His mom answered on the first ring, almost like she had been waiting for his call.
"Joseph?"
"Is Harvey there?"
"I'll call him," she said. He heard her call Harvey to the phone. "Are you okay?" she asked quickly. He laughed inwardly. After the emotional roller coaster he had ridden the last few days, all he had to show for it was another man's blood on his jacket. Was he okay? He'd seen the complete shock in Dale's expression when he had shot Robert. Dale hadn't understood. Probably still didn't. He needed a distraction because he had seen something in Greg's eyes that scared him. Ice. An expression that held no warmth, no passion. It was a reflection of how he sometimes felt. Like nothing out there could touch him anymore. He had seen so much, heard so many screams, watched so many die. Yes, he had saved lives, and he was damn good at what he did—it was his life—but he didn't want to have ice inside him.
He wanted with every part of him to have connected with Elisabeth, maybe to have been that big brother she had wanted. Was that what Dale meant when he had said that underneath the big bad was a heart?
"Son?" Harvey's voice was low, and it dripped with so much feeling Joseph's chest tightened with sadness.
"We know who did it—he admitted it—but we have no evidence to back it up."
"Nothing to take him to trial?" Harvey sounded broken, and Joseph concentrated hard on his next words.
"He's dead, Harvey. Shot by his own security in a firefight." Joseph didn't mention the fact that Alastair may well have been involved; that was a story for another day.

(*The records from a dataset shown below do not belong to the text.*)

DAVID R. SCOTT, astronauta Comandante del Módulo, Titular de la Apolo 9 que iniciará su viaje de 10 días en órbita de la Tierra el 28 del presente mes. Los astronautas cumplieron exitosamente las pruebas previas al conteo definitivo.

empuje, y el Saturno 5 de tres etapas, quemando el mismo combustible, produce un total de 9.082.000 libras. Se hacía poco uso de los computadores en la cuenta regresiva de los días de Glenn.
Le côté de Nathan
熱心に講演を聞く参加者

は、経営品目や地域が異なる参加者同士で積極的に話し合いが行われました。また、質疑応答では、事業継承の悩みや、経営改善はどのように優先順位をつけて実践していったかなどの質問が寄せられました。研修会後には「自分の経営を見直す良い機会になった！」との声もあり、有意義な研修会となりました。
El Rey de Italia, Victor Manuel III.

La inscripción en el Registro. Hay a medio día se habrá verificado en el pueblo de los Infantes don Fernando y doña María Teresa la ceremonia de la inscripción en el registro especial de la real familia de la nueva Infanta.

Today was a day for putting ghosts to rest.
Silence. The emptiness across the phone line was testament to Joseph's inability to handle others' grief. He had nothing to say. He couldn't even bring himself to hand over the usual platitudes.
"Thank you, Joseph."
Fuck. What did he say to that? You're welcome? No worries. No. Harvey deserved the truth.
"I'm sorry I was too late. I'm sorry I wasn't here. I'm sorry I never properly knew Elisabeth." His voice was calm and low, but emotion choked his throat. He had never spoken truer words in his life than what he was saying now.

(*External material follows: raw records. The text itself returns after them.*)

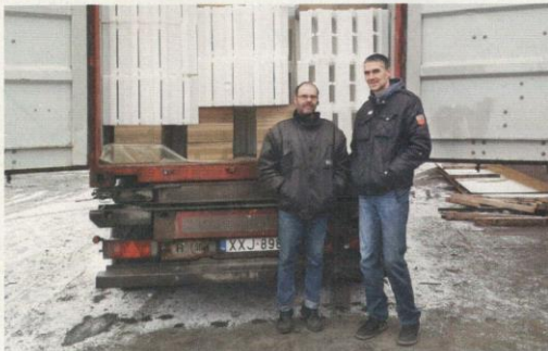
Útra kész az első aljdeszkákkal teli konténer

Hazatérvén Magyarországra, pár hét múlva csörgött a telefonom. Egy jó barátom hívott, kérdezte, hogy volna-e kedvem megismerkedni egy kis céggel a közeli kisvárosban ( www.apitec.hu ). A segítségemre, tanácsomra lenne szükségük. Az autóban ülve aztán elmesélte nagyjából a kis vállalkozás történetét. Amint kiértünk a cég telephelyére és elmondták, hogy miről is lenne szó, rögtön felvillanyozódtam. Kiderült ugyanis, hogy ez a cég rotációs eljárással készülő műanyag kaptárgyártással foglalkozik, de nehézségeik vannak a belföldi értékesítéssel, ezért szeretnének külföldi piacok felé nyitni. Arra gondoltak, hogy esetleg a külföldi
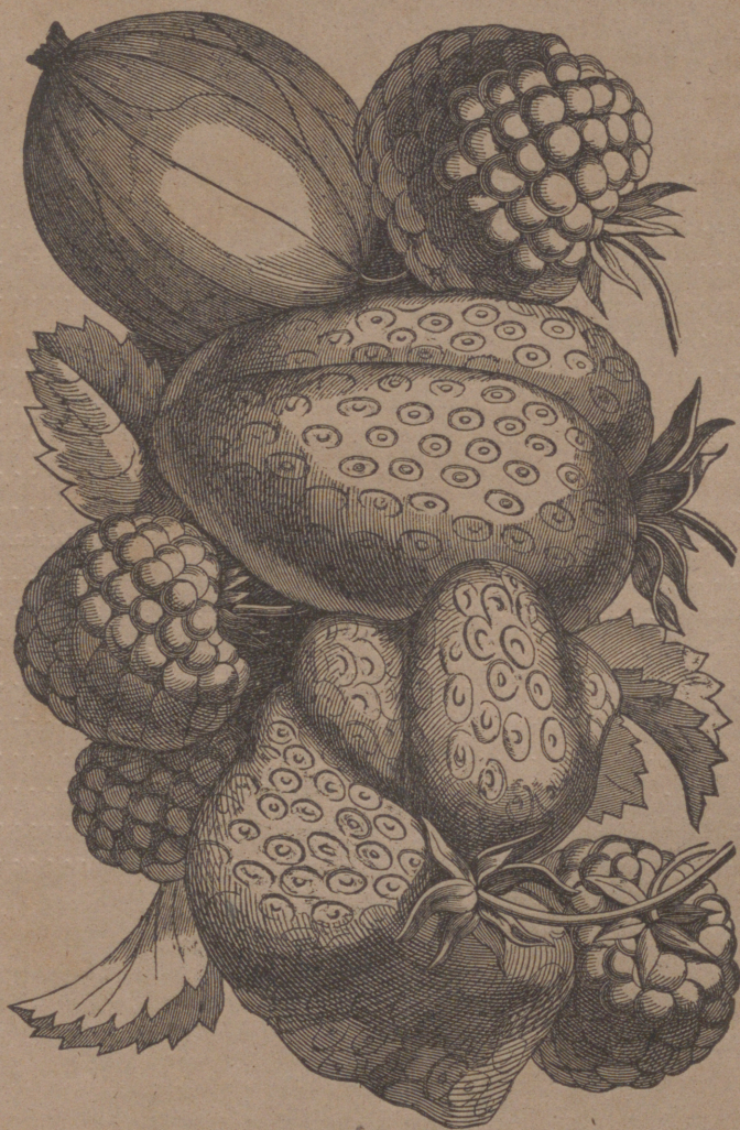
Nyaste sorter af Jordgubbar, Hallon och Krusbär. Se pag. 2.
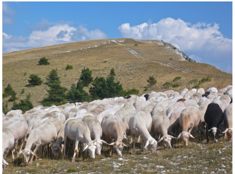
Le Collet Court peu avant le sommet de la Montagne du Buc

⑤ L'emprunter à gauche en direction est-sud-est pour gagner le rebord escarpé de la montagne du Buc. Par des alpages appréciés des moutons, se hisser jusqu'au Collet Court, puis au sommet de la montagne à 1442 m d'altitude (point géodésique). Vous ne serez pas déçu, un magnifique panorama circulaire vous y attend : au nord le massif du Vercors et celui du Dévoluy, avec bien reconnaissable, le Pic de Bure, plus à l'est et par temps clair le haut massif des Écrins, à l'est la vallée de la Méouge, affluent du Buech, au sud-est la Montagne de Lure et au sud l'imposant Ventoux. Tout en bas au nord, le village de Mévouillon-Gresse s'offre au regard. S'il n'y a pas trop de vent, le sommet peut être un joli lieu de pique-nique. La descente, souvent par une pente marquée qui fait rechercher l'herbe plutôt que la pierraille glissante, s'effectue plein nord en direction du Gros Collet, le long d'une crête de 2,5 km de longueur offrant de magnifiques vues aériennes. Le site est très apprécié des parapentistes que vous pourrez voir évoluer lorsque la météo leur est favorable. Ce sport est d'ailleurs très développé dans les Baronnies au relief varié. Le chemin atteint le bas de la crête au niveau d'une piste.
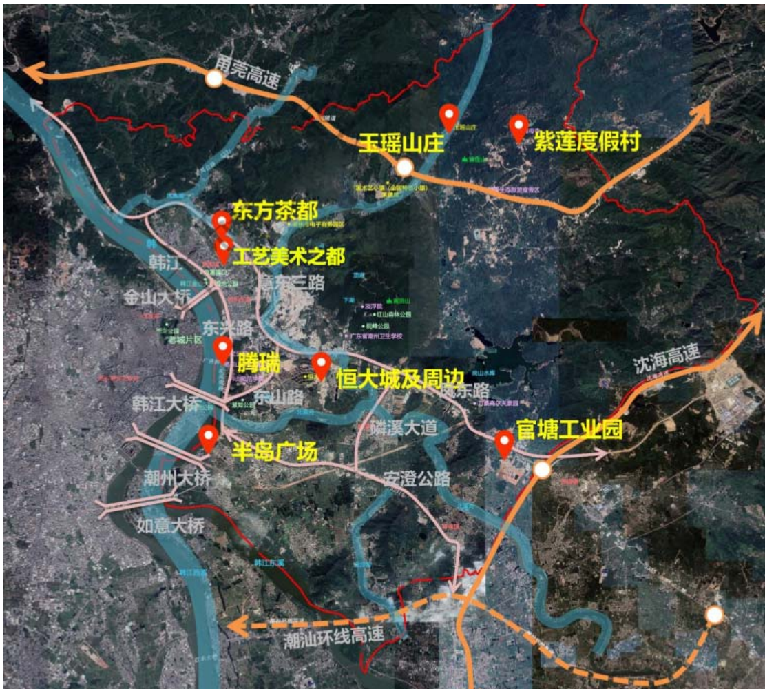
图 3 韩江新城已引入重大项目的空间分布

His stepsister had deserved to meet him, have a family, be the normal part of his life.
"Joseph…" Harvey's voice was thick with tears.

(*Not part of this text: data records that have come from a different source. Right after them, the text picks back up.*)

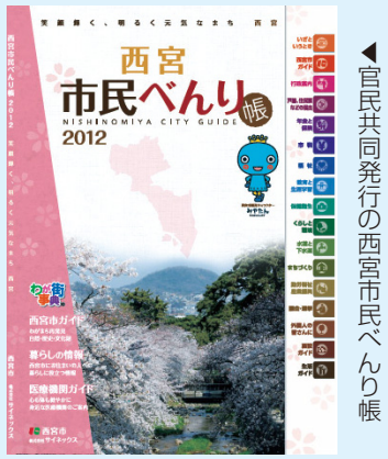
官民共同発行の西宮市民べんり帳

指しています。それ以外の市が設置した施設の管理についても、多様化する住民ニーズにより効果的・効率的に対応するため、積極的に施設管理の民間委託を推進しており、平成26年4月には274施設で指定管理者が管理することになります。また、指定管理者の公募を拡大するとともに、運営状況についてもチェック体制を整えてしっかりと確認しています。
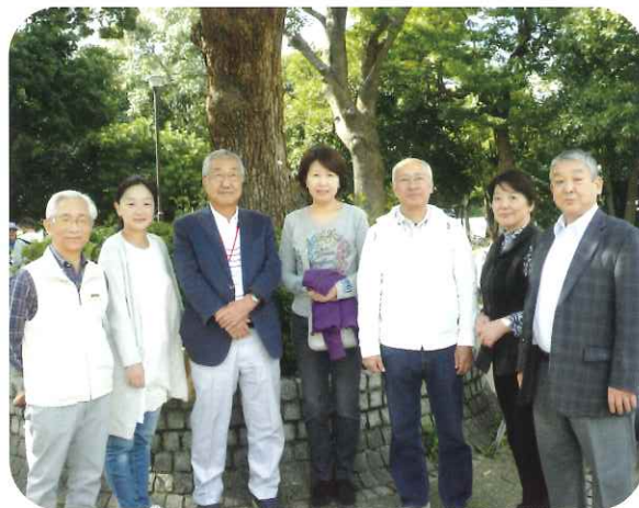
* 潮田西部地区の皆さん
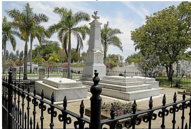
Mausoleo del cementerio de Santa Ifigenia, en Santiago de Cuba, donde reposan los restos de 226 soldados españoles de identidad desconocida.
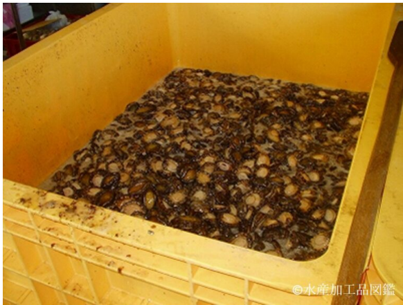
写真4 塩漬け
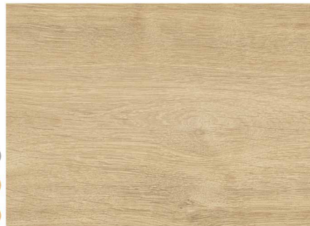
01C52351 / 馬爾地夫淺橡木
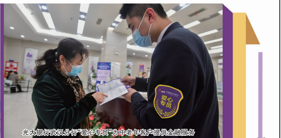
光大银行武汉分行“爱心专员”为中老年客户提供金融服务
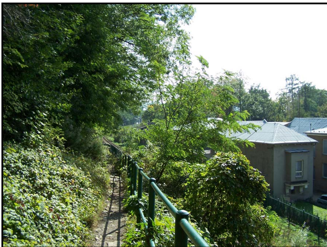
Nad tratí ČD
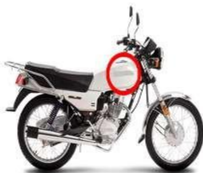
VÁLVULA/TANQUE DE SUMINISTRO DE COMBUSTIBLE

Cambie a punto muerto antes de detenerse para evitar una frenada brusca o que se caliente el motor.
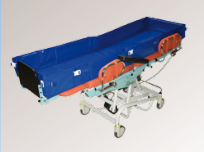
Hanse Duschmatratze für Tina (alle Modelle). Seitenteile sind für den liegenden Patiententransfer herunterklappbar.

There was a sound and the noise of muffled discussion coming through the phone. Clearly Harvey was catching Joseph's mother up on what had happened. When she took over the handset, his mom's voice was a welcome return.
"Sweetheart. What's wrong?"
"Nothing."
"Joseph." She used the patented don't-give-me-bullshit tone she had perfected over the years of being a single mom to a growing boy. It never failed to make him smile now that he was older, but as a child, it had instilled the fear of God into him.
"Just having a bad day is all." He closed his eyes.
The code that the only easy day was yesterday didn't really apply when your emotions were shredded.
"You're safe though."
"I'm safe. I promise you."
"What happened?"
"I met someone," Joseph finally admitted.
"Navy? In Iraq?"
"Here."
"Before you left?"
"Yesterday." Or was it two days ago? It hadn't been long.
"And you like him?" His mom sounded intrigued.
Somehow it felt wrong to be talking about his feelings over the phone sitting next to his sister's grave. He wondered what his mom would make of Dale.
"No. Yes. Could be. I just feel—"
What do I feel?
"—unsettled I guess."
"Tell me about him, sweetheart."
So he did.
Dale had a high opinion of Doctor Kayden Summers. The slim curly-headed man was a deadly serious type, but he really knew his stuff. Admittedly, he never seemed to smile or enter into conversation with anyone about anything less important than life or death situations.
Still, that was good for Robert, who needed someone on his side. At the moment Kayden was issuing orders to a group of harassed nurses and aides and to a hospital doctor, who was attempting to stare Kayden down with a look of fury.
"You are playing with his life here." The ER doctor was gesticulating wildly with each syllable. It wasn't surprising the ER attending was showing a lack of respect.
Kayden's curly hair was a few days past a cut, and his stubble made his features hard. He was dressed in jeans and a black shirt, and over it, a leather jacket fell to his hip line.